___ Supplied material

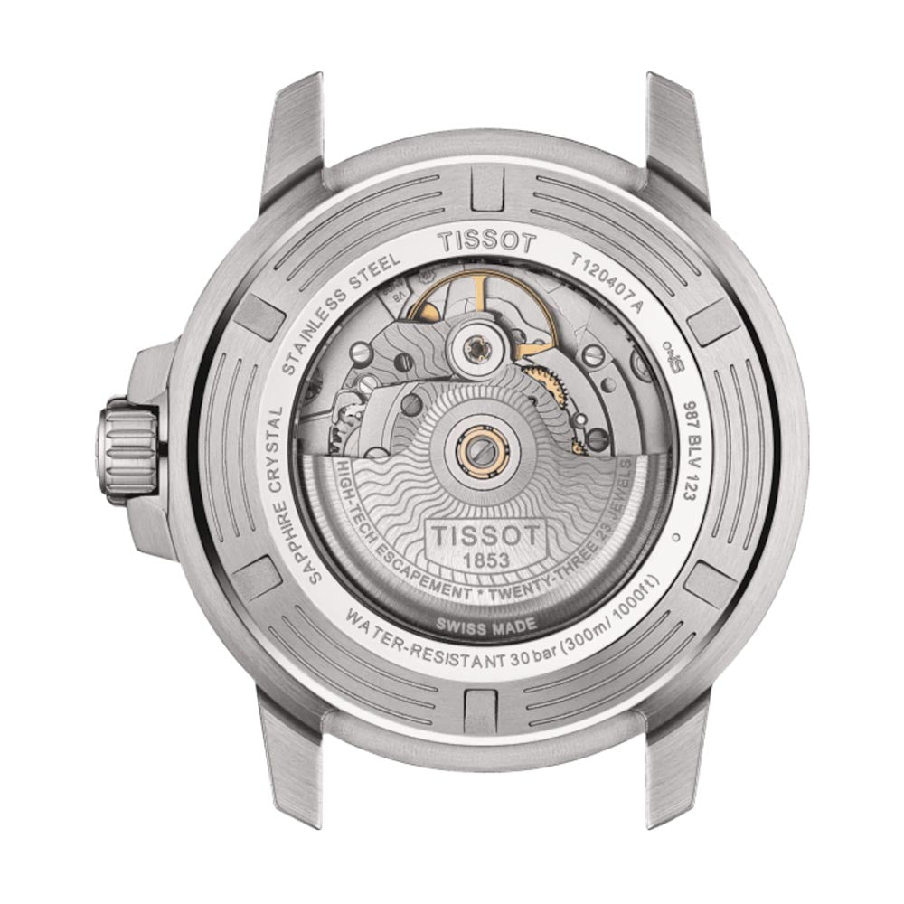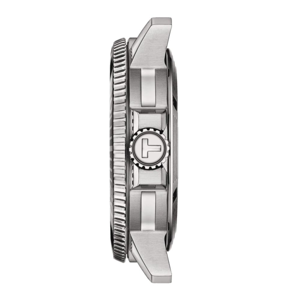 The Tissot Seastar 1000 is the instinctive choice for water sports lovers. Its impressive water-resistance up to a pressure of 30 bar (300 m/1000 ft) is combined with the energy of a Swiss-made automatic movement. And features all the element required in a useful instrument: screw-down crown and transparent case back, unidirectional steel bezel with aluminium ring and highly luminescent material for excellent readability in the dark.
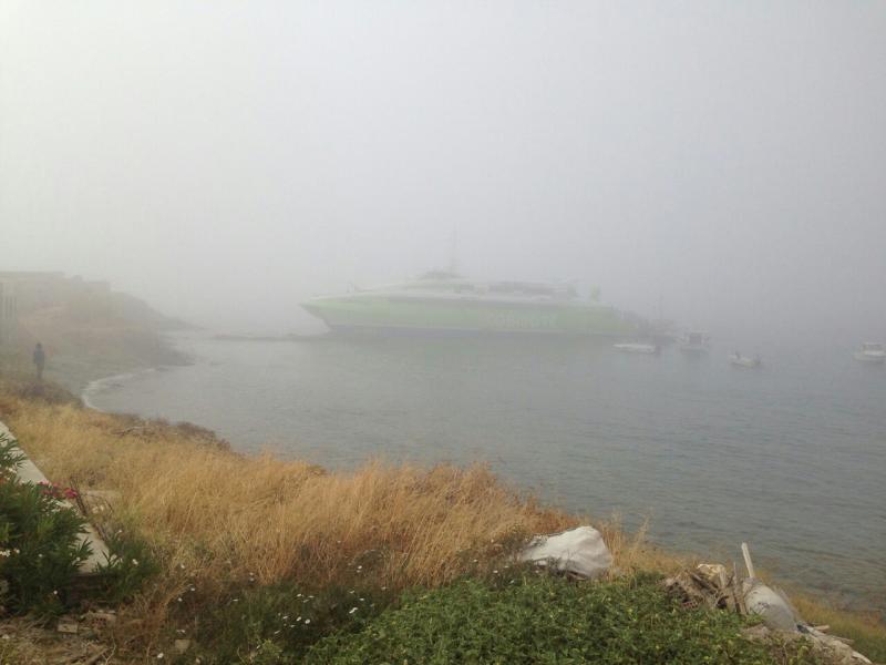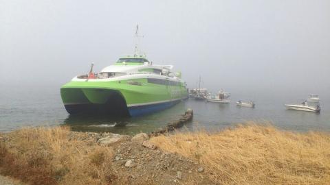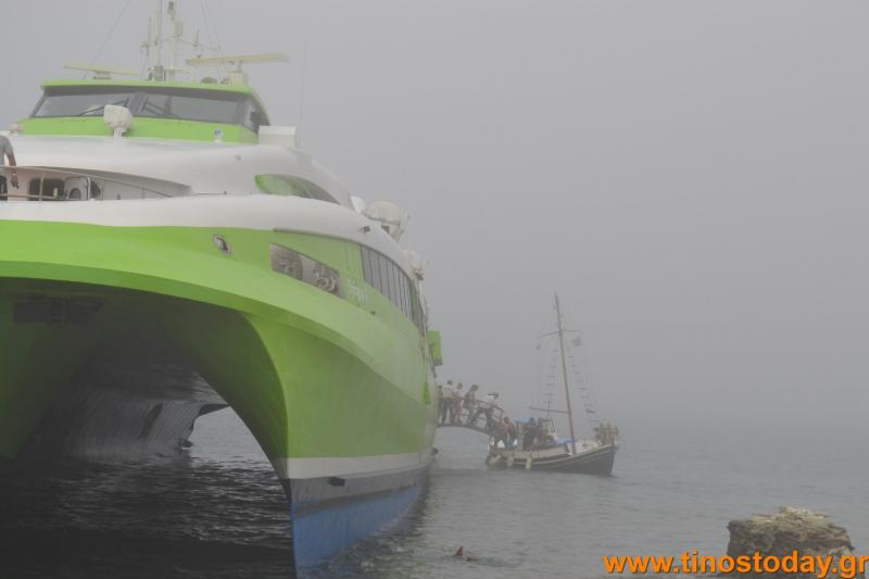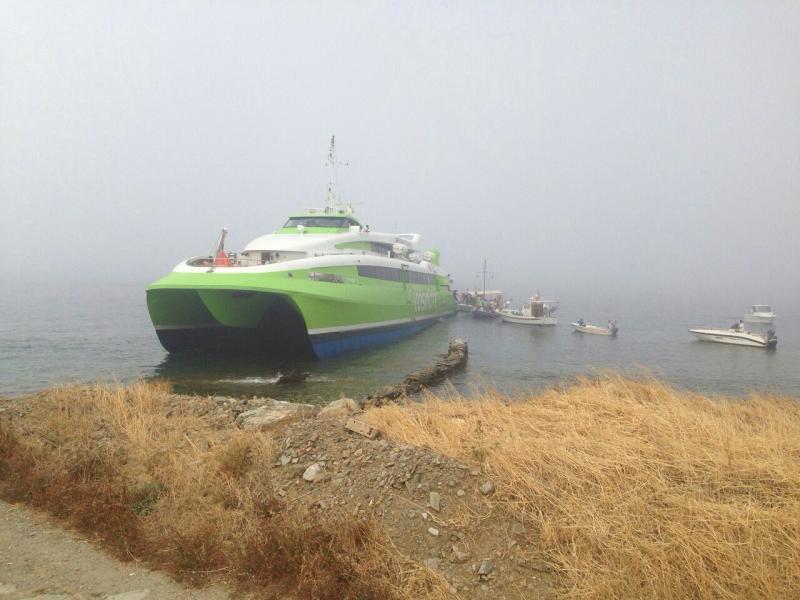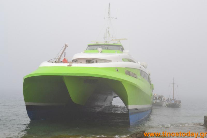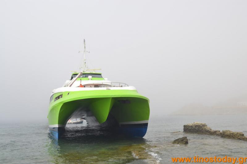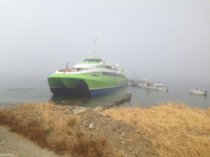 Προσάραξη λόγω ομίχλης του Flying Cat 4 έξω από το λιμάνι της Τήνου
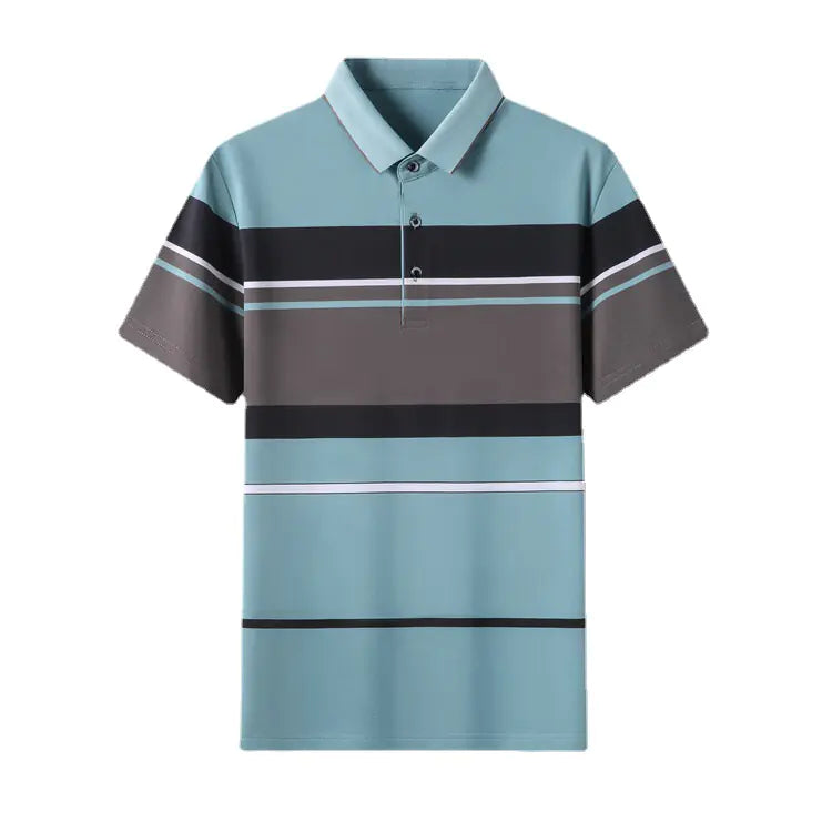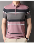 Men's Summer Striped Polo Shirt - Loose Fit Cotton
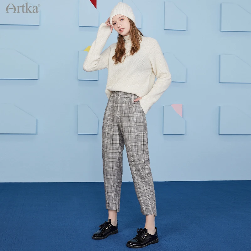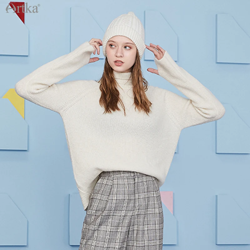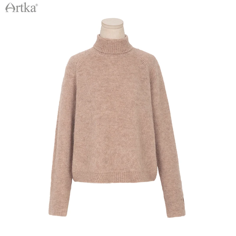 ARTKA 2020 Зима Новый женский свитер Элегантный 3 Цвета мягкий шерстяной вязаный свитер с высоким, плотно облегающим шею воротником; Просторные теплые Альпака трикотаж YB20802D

______

Task description
From the line with "Προσάραξη λόγω ομίχλης" to the last line above, restate each line word for word, but skip the pictures.

Reply
 Προσάραξη λόγω ομίχλης του Flying Cat 4 έξω από το λιμάνι της Τήνου
 Men's Summer Striped Polo Shirt - Loose Fit Cotton
 ARTKA 2020 Зима Новый женский свитер Элегантный 3 Цвета мягкий шерстяной вязаный свитер с высоким, плотно облегающим шею воротником; Просторные теплые Альпака трикотаж YB20802D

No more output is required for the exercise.